We're working around it in different ways (some things resorted to cookies) but are still stalled on a long-term solution for this problem. We're considering to move our module store from localStorage to IndexedDB as that's not being used at the moment. It would provide the same separation as cookies/localStorage. In that localStorage would keep working even if IndexDB was full.

Some thoughts:

* A way to know if a url is cached or not (e.g. know whether a url will hit HTTP 304) without making the request.
* A way to prioritise which entries should be kept in localStorage and allow for low-prio entries to be evicted if short on space.
* A way to know how much localStorage is available in total.
* Perhaps a way to create a limited store within localStorage or IndexDB that has limited/restricted capacity (with some unique identifier, capacity percentage-based, or a min/max byte size?).
* A separate store for caching HTTP resources (the Service Worker's Cache API?)

— Timo Tijhof
Software Engineer
Wikimedia Foundation

PS: Sorry if this is the wrong avenue for this type of feedback. Thanks in advance.

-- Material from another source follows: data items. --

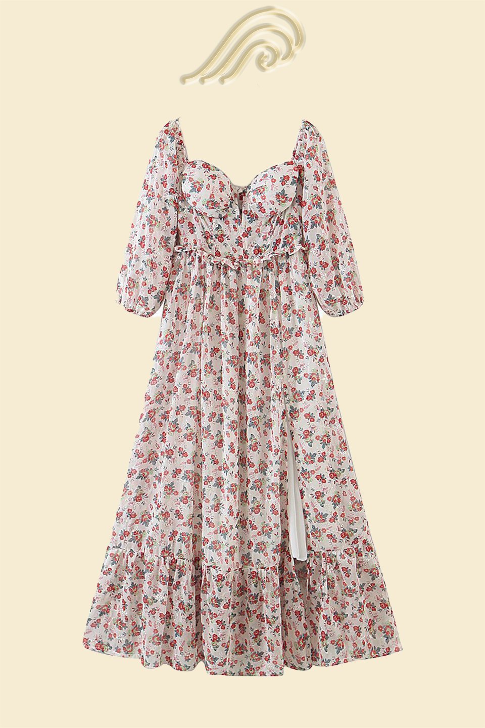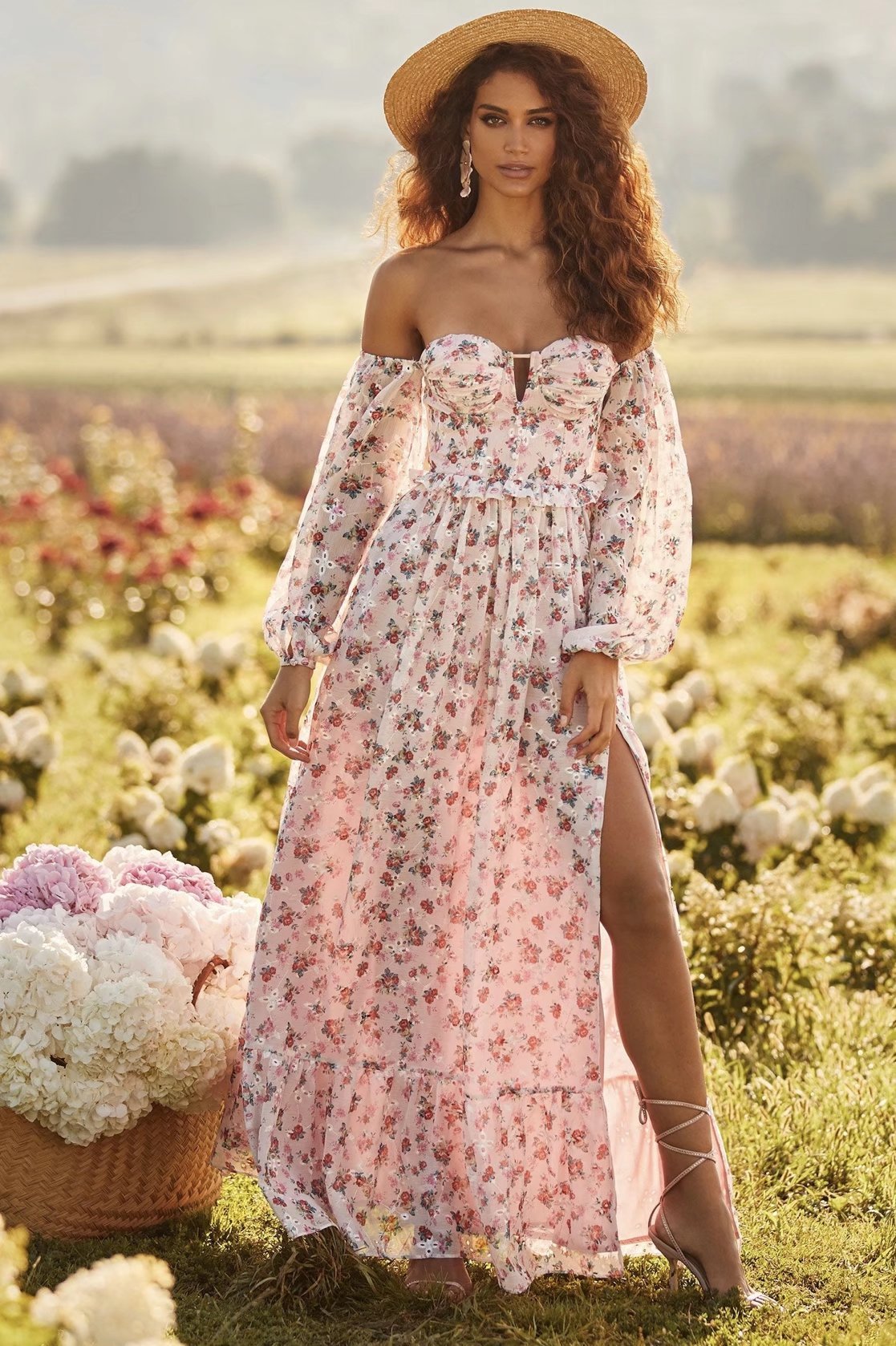 Helena Baskılı Nakışlı Düşük Omuz Maxi Elbise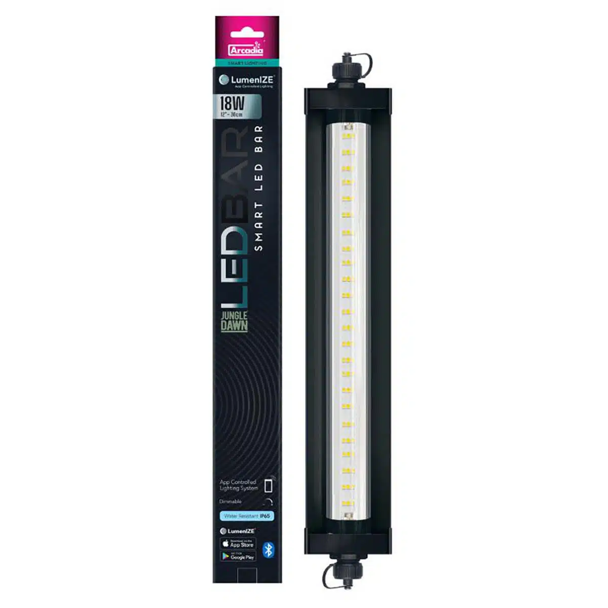The Arcadia LumenIZE Jungle Dawn LED Bar 18W is a high-output, full-spectrum LED lighting system with advanced app-controlled dimming, designed to dramatically increase visible light levels in reptile enclosures while offering precise control over daily lighting cycles. It delivers intense, natural illumination that supports plant growth, bioactive systems, and natural reptile behaviour through high-quality visible light across the full terrestrial spectrum.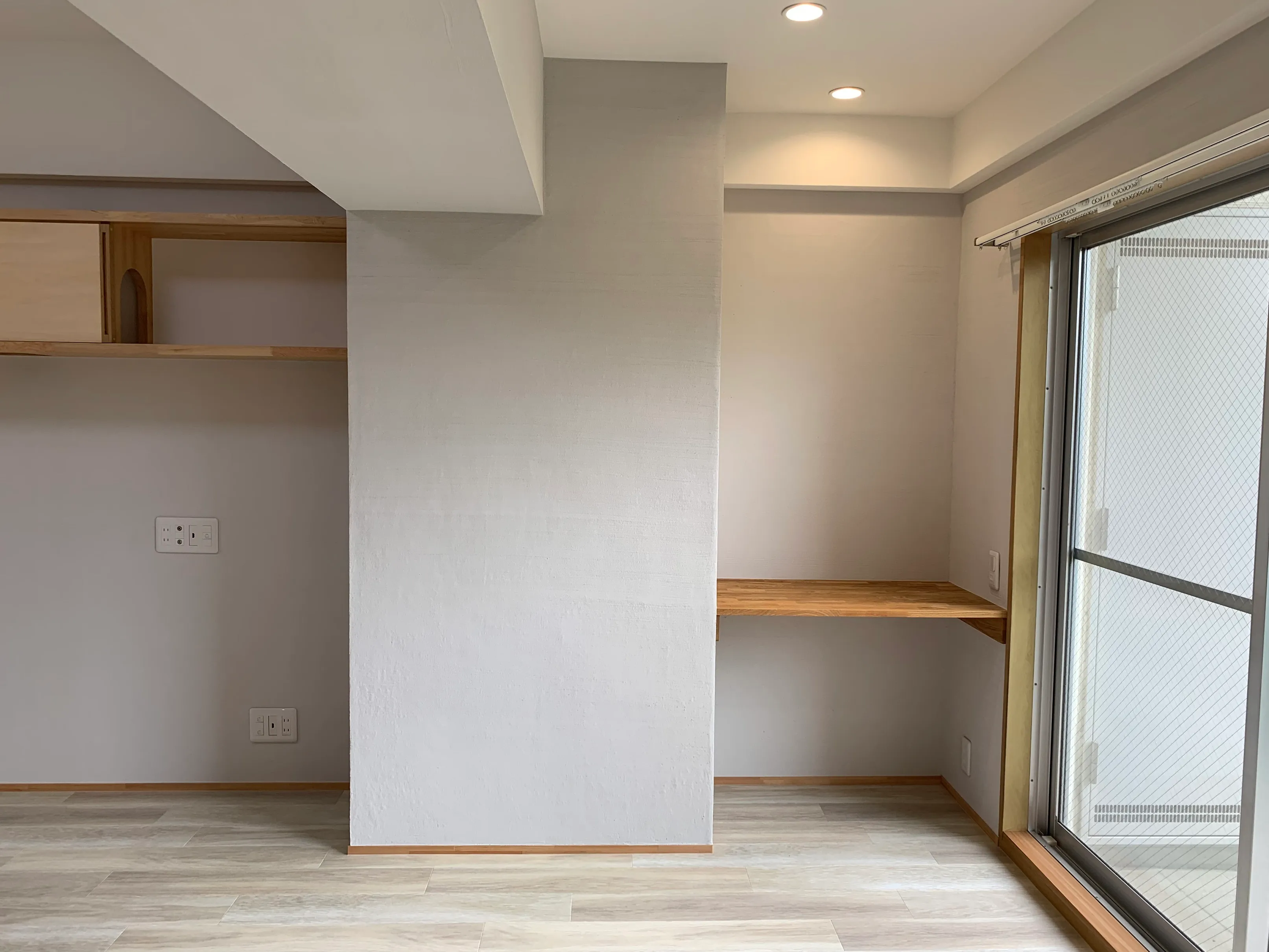 マンションの構造の柱をあえて利用して、窓際にワークスペースを作りました。両サイドを壁にすることで、リビングにいながらもこもり感があり集中できるスペースにしています。

[1] https://en.wikipedia.org/wiki/MediaWiki
[2] https://www.mediawiki.org/wiki/ResourceLoader/Features

On 13 Mar 2015, at 12:50, Anne van Kesteren <annevk@annevk.nl> wrote:

> A big gap with native is dependable storage for applications. I
> started sketching the problem space on this wiki page:
> 
>  https://wiki.whatwg.org/wiki/Storage
> 
> Feedback I got is that having some kind of allotted quota is useful
> for applications. That way they know how much they can put away.
> However, this clashes a bit with offering something that is
> competitive with native.
> 
> We can't really ask the user to divide up their storage. And yet when
> the user asks an application to store e.g. a whole bunch of music
> offline we don't really want the user agent to get in the way if the
> user already granted persistence.
> 
> 
> -- 
> https://annevankesteren.nl/

Received on Wednesday, 18 March 2015 00:38:59 UTC